• **Work task**:
Transcribe each of the entries exactly.

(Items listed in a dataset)
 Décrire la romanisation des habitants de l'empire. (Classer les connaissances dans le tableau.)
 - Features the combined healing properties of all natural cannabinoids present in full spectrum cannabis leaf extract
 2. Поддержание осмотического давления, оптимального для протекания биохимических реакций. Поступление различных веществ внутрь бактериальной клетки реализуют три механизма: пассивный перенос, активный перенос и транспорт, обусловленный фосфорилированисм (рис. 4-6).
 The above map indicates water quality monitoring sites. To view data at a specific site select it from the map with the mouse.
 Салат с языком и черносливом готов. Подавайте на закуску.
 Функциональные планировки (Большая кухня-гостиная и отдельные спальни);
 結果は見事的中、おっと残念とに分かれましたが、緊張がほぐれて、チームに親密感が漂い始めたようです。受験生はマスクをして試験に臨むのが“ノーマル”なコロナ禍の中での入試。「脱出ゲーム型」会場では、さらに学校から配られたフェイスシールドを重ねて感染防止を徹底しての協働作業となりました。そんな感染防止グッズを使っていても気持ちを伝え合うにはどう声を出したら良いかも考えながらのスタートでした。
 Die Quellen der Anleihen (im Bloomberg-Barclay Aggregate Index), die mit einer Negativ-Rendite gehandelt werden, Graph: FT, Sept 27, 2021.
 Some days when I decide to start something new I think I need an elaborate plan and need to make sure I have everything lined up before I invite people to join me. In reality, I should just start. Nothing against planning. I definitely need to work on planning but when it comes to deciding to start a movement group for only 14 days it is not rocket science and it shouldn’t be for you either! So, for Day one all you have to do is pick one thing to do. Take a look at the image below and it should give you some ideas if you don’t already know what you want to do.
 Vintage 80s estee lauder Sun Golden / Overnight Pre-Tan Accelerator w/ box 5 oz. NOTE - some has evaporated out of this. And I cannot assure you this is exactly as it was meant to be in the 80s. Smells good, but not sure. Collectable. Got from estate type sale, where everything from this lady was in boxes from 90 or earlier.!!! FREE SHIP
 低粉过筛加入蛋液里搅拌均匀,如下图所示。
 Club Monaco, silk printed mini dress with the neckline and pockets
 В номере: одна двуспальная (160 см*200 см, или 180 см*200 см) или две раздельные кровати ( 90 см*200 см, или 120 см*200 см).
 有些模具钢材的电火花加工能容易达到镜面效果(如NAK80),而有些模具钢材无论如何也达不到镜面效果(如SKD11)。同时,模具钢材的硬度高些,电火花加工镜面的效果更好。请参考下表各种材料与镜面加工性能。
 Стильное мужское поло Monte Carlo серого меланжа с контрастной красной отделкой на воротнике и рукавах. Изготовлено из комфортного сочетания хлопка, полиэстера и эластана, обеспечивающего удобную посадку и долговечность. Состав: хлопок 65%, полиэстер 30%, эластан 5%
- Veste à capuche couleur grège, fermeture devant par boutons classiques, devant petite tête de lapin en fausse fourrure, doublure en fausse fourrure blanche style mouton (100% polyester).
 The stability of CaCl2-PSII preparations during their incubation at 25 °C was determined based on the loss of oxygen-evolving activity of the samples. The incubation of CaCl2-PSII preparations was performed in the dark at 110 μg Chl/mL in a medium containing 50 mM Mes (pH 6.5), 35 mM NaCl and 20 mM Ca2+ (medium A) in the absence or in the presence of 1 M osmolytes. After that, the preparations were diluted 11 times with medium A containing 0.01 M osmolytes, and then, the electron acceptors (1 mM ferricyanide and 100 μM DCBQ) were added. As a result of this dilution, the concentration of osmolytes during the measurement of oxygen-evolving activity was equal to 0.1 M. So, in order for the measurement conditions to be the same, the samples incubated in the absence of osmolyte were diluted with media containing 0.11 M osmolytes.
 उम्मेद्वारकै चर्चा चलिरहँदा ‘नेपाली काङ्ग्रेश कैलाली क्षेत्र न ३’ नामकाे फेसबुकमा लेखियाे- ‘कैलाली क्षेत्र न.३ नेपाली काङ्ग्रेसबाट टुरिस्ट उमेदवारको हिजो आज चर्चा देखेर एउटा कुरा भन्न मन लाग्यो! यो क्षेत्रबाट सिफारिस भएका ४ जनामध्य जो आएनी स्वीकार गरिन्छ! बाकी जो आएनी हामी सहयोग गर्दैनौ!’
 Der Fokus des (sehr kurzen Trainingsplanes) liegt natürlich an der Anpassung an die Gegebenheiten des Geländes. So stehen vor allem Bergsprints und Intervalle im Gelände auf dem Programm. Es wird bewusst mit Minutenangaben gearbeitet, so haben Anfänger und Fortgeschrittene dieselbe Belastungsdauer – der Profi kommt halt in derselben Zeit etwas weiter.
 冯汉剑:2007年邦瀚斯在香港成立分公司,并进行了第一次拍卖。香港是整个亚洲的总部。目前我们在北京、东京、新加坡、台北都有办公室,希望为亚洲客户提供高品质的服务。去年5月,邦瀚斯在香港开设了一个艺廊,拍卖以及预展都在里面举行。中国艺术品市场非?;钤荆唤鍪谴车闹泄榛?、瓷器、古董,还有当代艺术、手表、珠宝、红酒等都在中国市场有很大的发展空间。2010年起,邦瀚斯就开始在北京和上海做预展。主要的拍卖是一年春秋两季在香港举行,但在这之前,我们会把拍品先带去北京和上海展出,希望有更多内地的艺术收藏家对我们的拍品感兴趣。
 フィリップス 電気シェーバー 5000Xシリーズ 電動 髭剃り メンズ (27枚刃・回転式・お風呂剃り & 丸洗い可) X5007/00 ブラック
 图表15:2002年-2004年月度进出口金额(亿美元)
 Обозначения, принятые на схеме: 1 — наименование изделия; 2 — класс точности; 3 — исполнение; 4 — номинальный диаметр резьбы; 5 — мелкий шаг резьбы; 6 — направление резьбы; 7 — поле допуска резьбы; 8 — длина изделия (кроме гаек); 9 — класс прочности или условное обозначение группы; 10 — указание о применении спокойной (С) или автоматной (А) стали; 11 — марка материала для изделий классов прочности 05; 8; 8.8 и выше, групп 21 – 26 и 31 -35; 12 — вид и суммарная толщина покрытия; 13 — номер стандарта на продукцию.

• **Final answer**:
 Décrire la romanisation des habitants de l'empire. (Classer les connaissances dans le tableau.)
 - Features the combined healing properties of all natural cannabinoids present in full spectrum cannabis leaf extract
 2. Поддержание осмотического давления, оптимального для протекания биохимических реакций. Поступление различных веществ внутрь бактериальной клетки реализуют три механизма: пассивный перенос, активный перенос и транспорт, обусловленный фосфорилированисм (рис. 4-6).
 The above map indicates water quality monitoring sites. To view data at a specific site select it from the map with the mouse.
 Салат с языком и черносливом готов. Подавайте на закуску.
 Функциональные планировки (Большая кухня-гостиная и отдельные спальни);
 結果は見事的中、おっと残念とに分かれましたが、緊張がほぐれて、チームに親密感が漂い始めたようです。受験生はマスクをして試験に臨むのが“ノーマル”なコロナ禍の中での入試。「脱出ゲーム型」会場では、さらに学校から配られたフェイスシールドを重ねて感染防止を徹底しての協働作業となりました。そんな感染防止グッズを使っていても気持ちを伝え合うにはどう声を出したら良いかも考えながらのスタートでした。
 Die Quellen der Anleihen (im Bloomberg-Barclay Aggregate Index), die mit einer Negativ-Rendite gehandelt werden, Graph: FT, Sept 27, 2021.
 Some days when I decide to start something new I think I need an elaborate plan and need to make sure I have everything lined up before I invite people to join me. In reality, I should just start. Nothing against planning. I definitely need to work on planning but when it comes to deciding to start a movement group for only 14 days it is not rocket science and it shouldn’t be for you either! So, for Day one all you have to do is pick one thing to do. Take a look at the image below and it should give you some ideas if you don’t already know what you want to do.
 Vintage 80s estee lauder Sun Golden / Overnight Pre-Tan Accelerator w/ box 5 oz. NOTE - some has evaporated out of this. And I cannot assure you this is exactly as it was meant to be in the 80s. Smells good, but not sure. Collectable. Got from estate type sale, where everything from this lady was in boxes from 90 or earlier.!!! FREE SHIP
 低粉过筛加入蛋液里搅拌均匀,如下图所示。
 Club Monaco, silk printed mini dress with the neckline and pockets
 В номере: одна двуспальная (160 см*200 см, или 180 см*200 см) или две раздельные кровати ( 90 см*200 см, или 120 см*200 см).
 有些模具钢材的电火花加工能容易达到镜面效果(如NAK80),而有些模具钢材无论如何也达不到镜面效果(如SKD11)。同时,模具钢材的硬度高些,电火花加工镜面的效果更好。请参考下表各种材料与镜面加工性能。
 Стильное мужское поло Monte Carlo серого меланжа с контрастной красной отделкой на воротнике и рукавах. Изготовлено из комфортного сочетания хлопка, полиэстера и эластана, обеспечивающего удобную посадку и долговечность. Состав: хлопок 65%, полиэстер 30%, эластан 5%
- Veste à capuche couleur grège, fermeture devant par boutons classiques, devant petite tête de lapin en fausse fourrure, doublure en fausse fourrure blanche style mouton (100% polyester).
 The stability of CaCl2-PSII preparations during their incubation at 25 °C was determined based on the loss of oxygen-evolving activity of the samples. The incubation of CaCl2-PSII preparations was performed in the dark at 110 μg Chl/mL in a medium containing 50 mM Mes (pH 6.5), 35 mM NaCl and 20 mM Ca2+ (medium A) in the absence or in the presence of 1 M osmolytes. After that, the preparations were diluted 11 times with medium A containing 0.01 M osmolytes, and then, the electron acceptors (1 mM ferricyanide and 100 μM DCBQ) were added. As a result of this dilution, the concentration of osmolytes during the measurement of oxygen-evolving activity was equal to 0.1 M. So, in order for the measurement conditions to be the same, the samples incubated in the absence of osmolyte were diluted with media containing 0.11 M osmolytes.
 उम्मेद्वारकै चर्चा चलिरहँदा ‘नेपाली काङ्ग्रेश कैलाली क्षेत्र न ३’ नामकाे फेसबुकमा लेखियाे- ‘कैलाली क्षेत्र न.३ नेपाली काङ्ग्रेसबाट टुरिस्ट उमेदवारको हिजो आज चर्चा देखेर एउटा कुरा भन्न मन लाग्यो! यो क्षेत्रबाट सिफारिस भएका ४ जनामध्य जो आएनी स्वीकार गरिन्छ! बाकी जो आएनी हामी सहयोग गर्दैनौ!’
 Der Fokus des (sehr kurzen Trainingsplanes) liegt natürlich an der Anpassung an die Gegebenheiten des Geländes. So stehen vor allem Bergsprints und Intervalle im Gelände auf dem Programm. Es wird bewusst mit Minutenangaben gearbeitet, so haben Anfänger und Fortgeschrittene dieselbe Belastungsdauer – der Profi kommt halt in derselben Zeit etwas weiter.
 冯汉剑:2007年邦瀚斯在香港成立分公司,并进行了第一次拍卖。香港是整个亚洲的总部。目前我们在北京、东京、新加坡、台北都有办公室,希望为亚洲客户提供高品质的服务。去年5月,邦瀚斯在香港开设了一个艺廊,拍卖以及预展都在里面举行。中国艺术品市场非?;钤荆唤鍪谴车闹泄榛?、瓷器、古董,还有当代艺术、手表、珠宝、红酒等都在中国市场有很大的发展空间。2010年起,邦瀚斯就开始在北京和上海做预展。主要的拍卖是一年春秋两季在香港举行,但在这之前,我们会把拍品先带去北京和上海展出,希望有更多内地的艺术收藏家对我们的拍品感兴趣。
 フィリップス 電気シェーバー 5000Xシリーズ 電動 髭剃り メンズ (27枚刃・回転式・お風呂剃り & 丸洗い可) X5007/00 ブラック
 图表15:2002年-2004年月度进出口金额(亿美元)
 Обозначения, принятые на схеме: 1 — наименование изделия; 2 — класс точности; 3 — исполнение; 4 — номинальный диаметр резьбы; 5 — мелкий шаг резьбы; 6 — направление резьбы; 7 — поле допуска резьбы; 8 — длина изделия (кроме гаек); 9 — класс прочности или условное обозначение группы; 10 — указание о применении спокойной (С) или автоматной (А) стали; 11 — марка материала для изделий классов прочности 05; 8; 8.8 и выше, групп 21 – 26 и 31 -35; 12 — вид и суммарная толщина покрытия; 13 — номер стандарта на продукцию.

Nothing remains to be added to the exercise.